Problem to solve: All of the records below need to be written out exactly, but without the pictures.

Start of Block

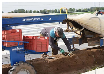
Knochenarbeit auf dem Acker
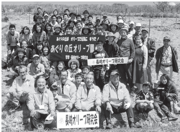
3月28日、あぐりの丘で行われた植樹祭。メンバーとともに、大学生や家族連れなど約90人のかたが苗木を植樹しました!

子育ても仕事も一段落し、地域のために何かしたい!そんな人たちが集まる団体。メンバーはみんなお話し好きで、気が置けない仲間が集まります。
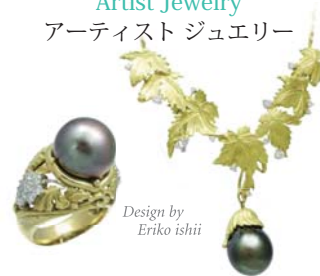
Design by Eriko ishii
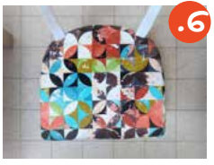
6. מניחים את המושב ומבריגים לתוכו חזרה את הברגים.

למקצוענים אלופים: כדאי לכסות את החלק החשוף של הבסיס ואת הקצה של בד הריפוד באלבד, לגימור מקצועי ומושלם.
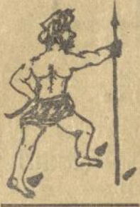
Sioel memanggil Inlanders!

Siapa tidak ketawa bila melihat actienja Appandjoenggal. Meskipun ianja soedah setengah toea, masih sebagai do li2 maradjar [moeda remadja] dipandang oerang, sebab ia tidak pernah alpa akan mentjoekoer djangoet dan koemisnja.
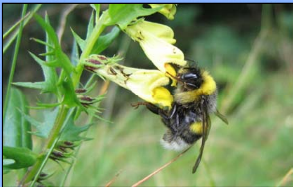
Bombus lucorum gnezdi pod zemljo. Družine so zelo številčne in imajo več sto osebkov.
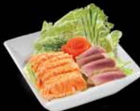
Chirashi mi-cuit x12 22.00
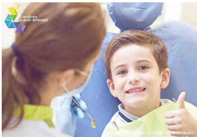
Die Zahngesundheit der Kinder im Alter von 3 bis 6 verbessert sich stetig.

Eine besonders gute Nachricht: Die Zahngesundheit der Kinder im Alter von 3 bis 6 verbessert sich stetig. Während im Jahr 2015 nur 69 Prozent dieser Altersgruppe naturgesunde Zähne vorweisen konnten, kam es bis 2025 zu einer deutlichen Steigerung auf 75 Prozent. Ebenso zeigt sich ein positiver Trend bei den 6- bis 7-jährigen Erstklässlern. Im Jahr 2025 haben 10 Prozent mehr Kinder gesunde Zähne als noch 2015. Dies ist eine positive Entwicklung, die einerseits auf ein gutes Prophylaxe-Angebot, aber ebenso auf ein gestiegenes Gesundheitsbewusstsein vieler Eltern zurückzuführen ist.
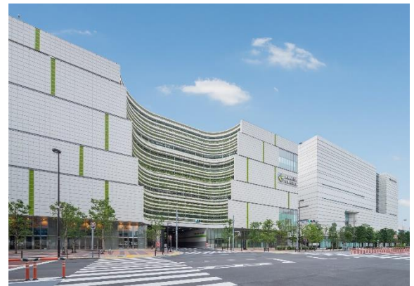
<有明ガーデン外観>
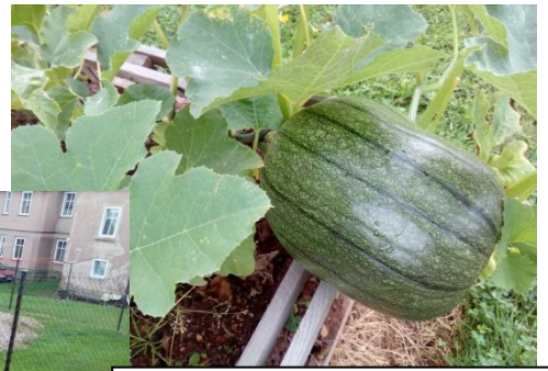
Sklízíme podzimní plody

End of Block

Solution for this problem:
Knochenarbeit auf dem Acker
3月28日、あぐりの丘で行われた植樹祭。メンバーとともに、大学生や家族連れなど約90人のかたが苗木を植樹しました!

子育ても仕事も一段落し、地域のために何かしたい!そんな人たちが集まる団体。メンバーはみんなお話し好きで、気が置けない仲間が集まります。
Design by Eriko ishii
6. מניחים את המושב ומבריגים לתוכו חזרה את הברגים.

למקצוענים אלופים: כדאי לכסות את החלק החשוף של הבסיס ואת הקצה של בד הריפוד באלבד, לגימור מקצועי ומושלם.
Sioel memanggil Inlanders!

Siapa tidak ketawa bila melihat actienja Appandjoenggal. Meskipun ianja soedah setengah toea, masih sebagai do li2 maradjar [moeda remadja] dipandang oerang, sebab ia tidak pernah alpa akan mentjoekoer djangoet dan koemisnja.
Bombus lucorum gnezdi pod zemljo. Družine so zelo številčne in imajo več sto osebkov.
Chirashi mi-cuit x12 22.00
Die Zahngesundheit der Kinder im Alter von 3 bis 6 verbessert sich stetig.

Eine besonders gute Nachricht: Die Zahngesundheit der Kinder im Alter von 3 bis 6 verbessert sich stetig. Während im Jahr 2015 nur 69 Prozent dieser Altersgruppe naturgesunde Zähne vorweisen konnten, kam es bis 2025 zu einer deutlichen Steigerung auf 75 Prozent. Ebenso zeigt sich ein positiver Trend bei den 6- bis 7-jährigen Erstklässlern. Im Jahr 2025 haben 10 Prozent mehr Kinder gesunde Zähne als noch 2015. Dies ist eine positive Entwicklung, die einerseits auf ein gutes Prophylaxe-Angebot, aber ebenso auf ein gestiegenes Gesundheitsbewusstsein vieler Eltern zurückzuführen ist.
<有明ガーデン外観>
Sklízíme podzimní plody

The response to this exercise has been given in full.